The material below is to be copied exactly from the line with "我國國造首架新式高教機「勇鷹」編號 11001,於 22" up to and including the line with "资金流向方面,深港通公用事业", with nothing else kept and no pictures.

Records for the task.

#####

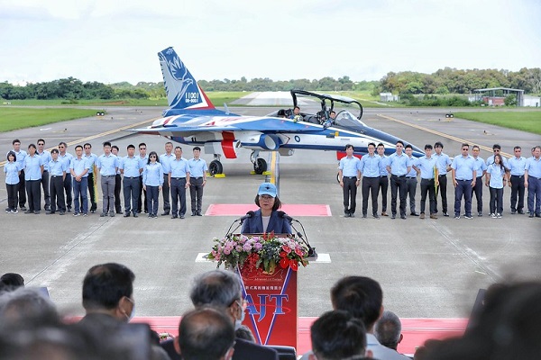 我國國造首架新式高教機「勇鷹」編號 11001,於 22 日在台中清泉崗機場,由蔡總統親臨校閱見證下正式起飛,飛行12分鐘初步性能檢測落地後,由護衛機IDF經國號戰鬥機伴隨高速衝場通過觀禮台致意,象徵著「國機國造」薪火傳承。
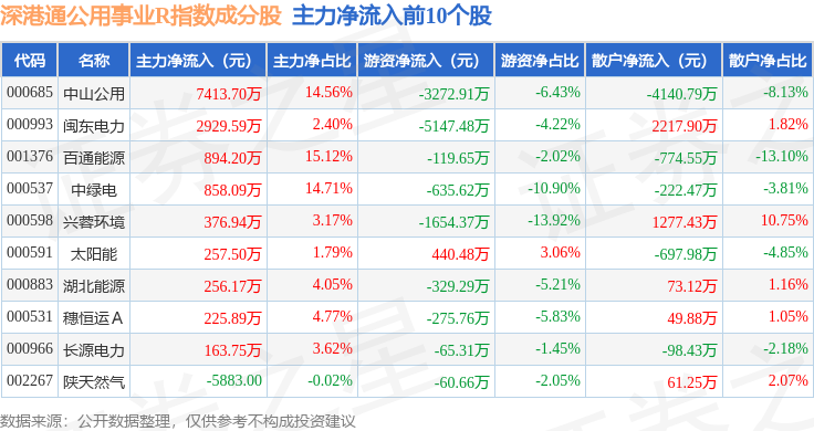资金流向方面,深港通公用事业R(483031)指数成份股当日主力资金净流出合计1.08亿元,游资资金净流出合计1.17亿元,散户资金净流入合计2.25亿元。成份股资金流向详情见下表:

#####

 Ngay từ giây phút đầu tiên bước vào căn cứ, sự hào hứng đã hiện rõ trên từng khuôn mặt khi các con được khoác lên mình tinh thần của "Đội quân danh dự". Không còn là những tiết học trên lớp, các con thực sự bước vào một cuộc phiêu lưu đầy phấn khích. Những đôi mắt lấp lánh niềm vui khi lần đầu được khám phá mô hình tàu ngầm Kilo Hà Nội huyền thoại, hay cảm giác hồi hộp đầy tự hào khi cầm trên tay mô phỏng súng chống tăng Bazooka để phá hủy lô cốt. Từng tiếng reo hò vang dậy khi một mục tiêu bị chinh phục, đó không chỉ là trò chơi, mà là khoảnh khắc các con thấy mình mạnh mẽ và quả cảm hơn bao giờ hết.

#####

Solution to the exercise.
 我國國造首架新式高教機「勇鷹」編號 11001,於 22 日在台中清泉崗機場,由蔡總統親臨校閱見證下正式起飛,飛行12分鐘初步性能檢測落地後,由護衛機IDF經國號戰鬥機伴隨高速衝場通過觀禮台致意,象徵著「國機國造」薪火傳承。
资金流向方面,深港通公用事业R(483031)指数成份股当日主力资金净流出合计1.08亿元,游资资金净流出合计1.17亿元,散户资金净流入合计2.25亿元。成份股资金流向详情见下表:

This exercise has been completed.